- _Task prompt_
Below are some records. Retype exactly the lines from the one containing "Меняем долю у" through the one containing "This entire private", both included, skipping every picture.

- _Records to process_

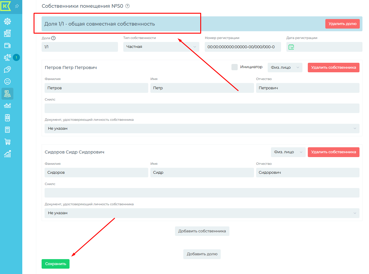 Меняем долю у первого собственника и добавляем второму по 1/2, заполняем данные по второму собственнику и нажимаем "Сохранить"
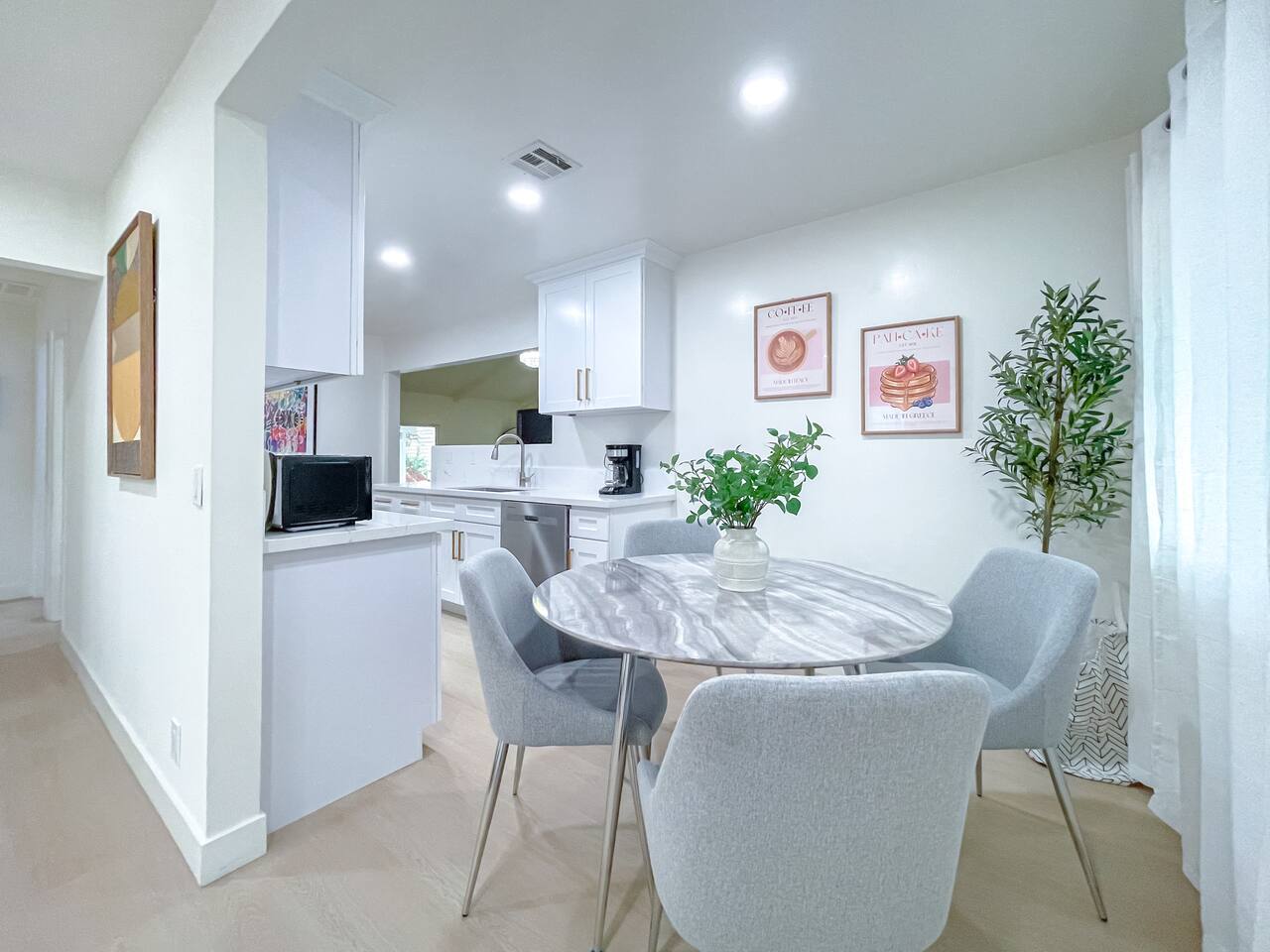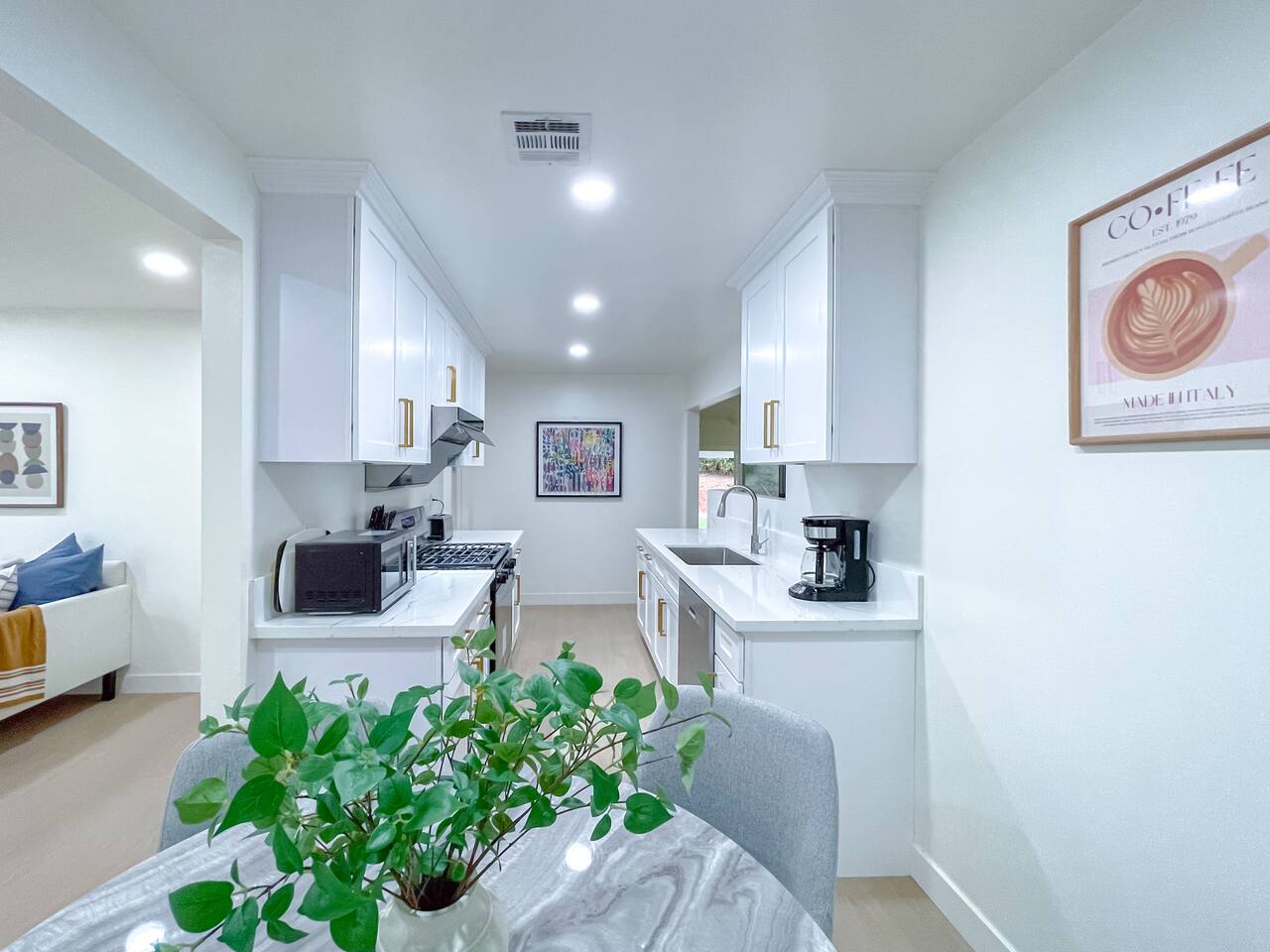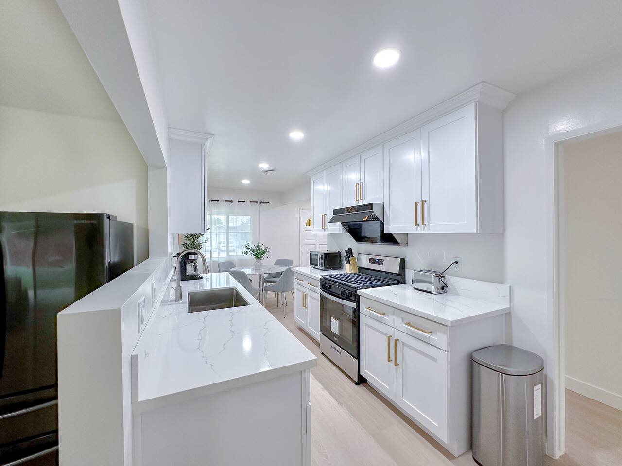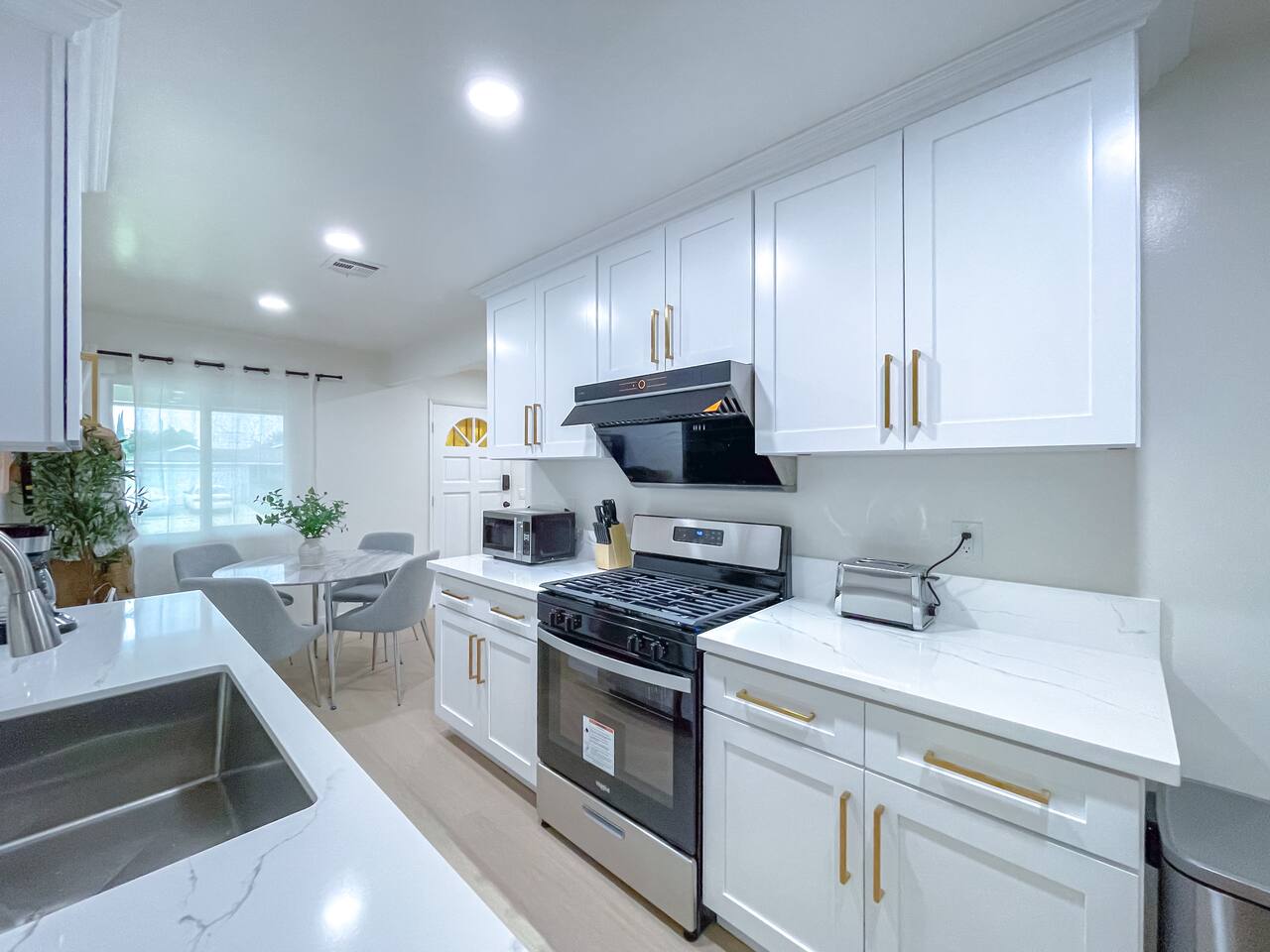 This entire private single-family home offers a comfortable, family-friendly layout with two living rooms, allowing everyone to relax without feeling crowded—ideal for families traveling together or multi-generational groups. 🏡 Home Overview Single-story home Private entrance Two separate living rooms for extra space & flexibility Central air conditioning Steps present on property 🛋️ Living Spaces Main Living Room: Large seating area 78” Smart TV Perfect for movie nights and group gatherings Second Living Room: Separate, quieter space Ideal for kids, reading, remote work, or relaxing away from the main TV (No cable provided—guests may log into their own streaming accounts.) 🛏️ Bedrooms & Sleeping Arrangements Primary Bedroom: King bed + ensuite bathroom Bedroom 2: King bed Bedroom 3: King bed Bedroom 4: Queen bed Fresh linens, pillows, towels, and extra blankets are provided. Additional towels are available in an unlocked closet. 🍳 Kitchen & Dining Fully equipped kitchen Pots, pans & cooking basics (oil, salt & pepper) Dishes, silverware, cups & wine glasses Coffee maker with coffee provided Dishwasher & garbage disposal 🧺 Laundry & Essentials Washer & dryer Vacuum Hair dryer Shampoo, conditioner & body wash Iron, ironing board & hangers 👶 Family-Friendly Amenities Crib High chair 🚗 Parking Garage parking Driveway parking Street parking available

* * *

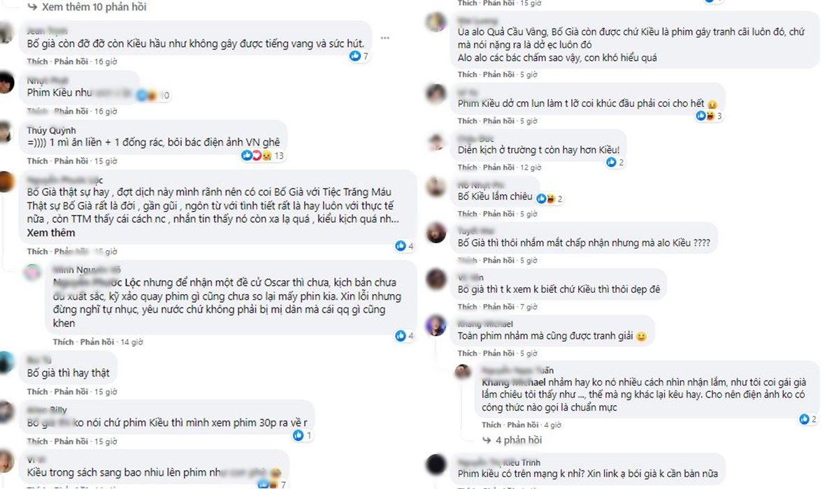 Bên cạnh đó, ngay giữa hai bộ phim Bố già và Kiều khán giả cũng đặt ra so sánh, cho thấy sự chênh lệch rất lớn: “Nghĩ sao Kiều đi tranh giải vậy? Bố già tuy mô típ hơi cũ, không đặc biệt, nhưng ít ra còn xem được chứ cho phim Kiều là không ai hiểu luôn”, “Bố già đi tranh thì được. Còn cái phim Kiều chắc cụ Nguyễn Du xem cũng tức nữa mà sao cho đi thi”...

- _Written response_
 Меняем долю у первого собственника и добавляем второму по 1/2, заполняем данные по второму собственнику и нажимаем "Сохранить"
 This entire private single-family home offers a comfortable, family-friendly layout with two living rooms, allowing everyone to relax without feeling crowded—ideal for families traveling together or multi-generational groups. 🏡 Home Overview Single-story home Private entrance Two separate living rooms for extra space & flexibility Central air conditioning Steps present on property 🛋️ Living Spaces Main Living Room: Large seating area 78” Smart TV Perfect for movie nights and group gatherings Second Living Room: Separate, quieter space Ideal for kids, reading, remote work, or relaxing away from the main TV (No cable provided—guests may log into their own streaming accounts.) 🛏️ Bedrooms & Sleeping Arrangements Primary Bedroom: King bed + ensuite bathroom Bedroom 2: King bed Bedroom 3: King bed Bedroom 4: Queen bed Fresh linens, pillows, towels, and extra blankets are provided. Additional towels are available in an unlocked closet. 🍳 Kitchen & Dining Fully equipped kitchen Pots, pans & cooking basics (oil, salt & pepper) Dishes, silverware, cups & wine glasses Coffee maker with coffee provided Dishwasher & garbage disposal 🧺 Laundry & Essentials Washer & dryer Vacuum Hair dryer Shampoo, conditioner & body wash Iron, ironing board & hangers 👶 Family-Friendly Amenities Crib High chair 🚗 Parking Garage parking Driveway parking Street parking available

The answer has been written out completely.